Pasca kemerdekaan, Indonesia harus membangun ekonomi ditengah usaha para negara imperaliasme menjajah kembali Indonesia. Perang dan pemberontakan yang terjadi di berbagai daerah terus terjadi tanpa henti hingga Dekrit Presiden 1959. Pada awal tahun 1950-an, pendirian negara dibatasi pada beberapa sektor vital yang sesuai Hattaconomic, namun pendirian perusahaan negara masih tidak efektif karena adanya gangguan/guncangan keamanan dan politik. Dan diakhir tahun 1957, pemerintah mulai melakukan nasionalisasi hampir semua sektor yang sesuai dengan konsepsi Soekarno.
Adapaun tujuan mendirikan perusahaan negara dan nasioanalisasi menurut Bung Karno adalah untuk mendorong perekonomian nasional, terutama perusahaan negara yang bergerak dalam bidang infrastruktur. Sederatan perusahaan Belanda dinasionalisasi seperti PT Kereta Api atau Djawatan Kerera Api (UU 71/1957), PT Pos (Djawatan Pos), PT Garuda Indonesia Airways, dan diakhir pemerintah Soekarno sempat mendirikan Perusahaan Negara (PN) Telekomunikasi. Namun, sebagian perusahaan yang dinasionalisasi oleh Pemerintahan Soekarno banyak merugikan negara karena Belanda sudah terlebih dahulu mengalihkan aset perusahaannya ke Belanda. Namun demikian, perusahaan vital dan strategis pada akhirnya menjadi jati diri bangsa.
Detik-Detik Menjelang Neokolonialisme dan Imprialismenya Jilid II
Dalam Konferensi Moneter dan Keuangan Perserikatan Bangsa-Bangsa di Bretoon Woods-Amerika Serikat yang diadakan antara tanggal 1 Juli 1944 sampai 22 Juli 1944 telah dicapai apa yang dinamakan "Persetujuan Bretoon Woods". Persetujuan in ditandatangani oleh 44 negara, menetapkan dibentuknya 2 badan keuangan internasional, yakni Dana Moneter Internasional (International Monetary Fund atau IMF) dan Bank Internasional untuk Rekonstruksi dan Pembangunan (International Bank For Reconstruction and Development atau IBRD). IBRD menjadi salah satu lembaga yang membentuk Bank Dunia (Word Bank atau WB).
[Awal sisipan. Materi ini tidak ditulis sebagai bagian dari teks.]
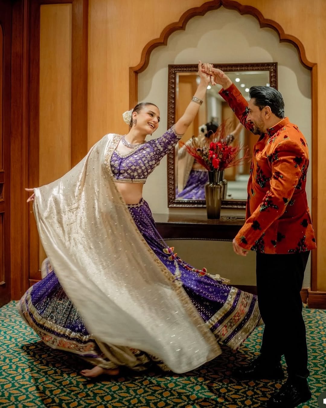 Hira Mani looks absolutely stunning in our “Rang Reza” collection, donning the beautiful “Zehra” ensemble. Crafted from delicate chikankari fabric, this exquisite lehnga choli is adorned with intricate handwork featuring Kundan, Gota Phool, and shisha — a true reflection of the opulence of the Mughal era. The addition of vibrant tassels brings a lively pop of color, making it the perfect choice for a mehndi celebration. The lehnga, embellished with detailed laces across 7 to 8 yards, is paired with a golden lamha tissue dupatta finished with lace edging. A matching potli bag is included as a complimentary accessory to complete the look.

Tujuan pokok dari dana ini sebagaimana tercantum dalam statutennya adalah stabilisasi kurs penukaran mata uang negara anggota, perluasan perdagangan internasional, penurunan tarif bea-bea, penghapusan pembatasan-pembatas an secara berangsur (cikal bakal free trade/pasar bebas). Tujuan dari Bank adalah untuk memberi bantuan-bantuan berjangka panjang kepada para anggota guna mengadakan rekonstruksi produksinya akibat kerusakan peperangan ataupun mengadakan pembangunan ekonomi untuk menaikkan kemakmuran rakyatnya.
Indonesia didorong oleh keinginan yang besar untuk menyatakan kesediaannya mengadakan kerjasama internasional, Dan pada tanggal 24 Juli 1950, Indonesia mengajukan permintaan untuk menjadi anggota dari Dana dan Bank tersebut. Setelah 3 tahun yakni pada pertengahan 1953, akhirnya Indonesia diterima sebagai anggota dari kedua Badan itu, keanggotaan mana kemudian disahkan dengan Undang-undang No. 5 Tahun 1954 tertanggal 13 Januari 1954.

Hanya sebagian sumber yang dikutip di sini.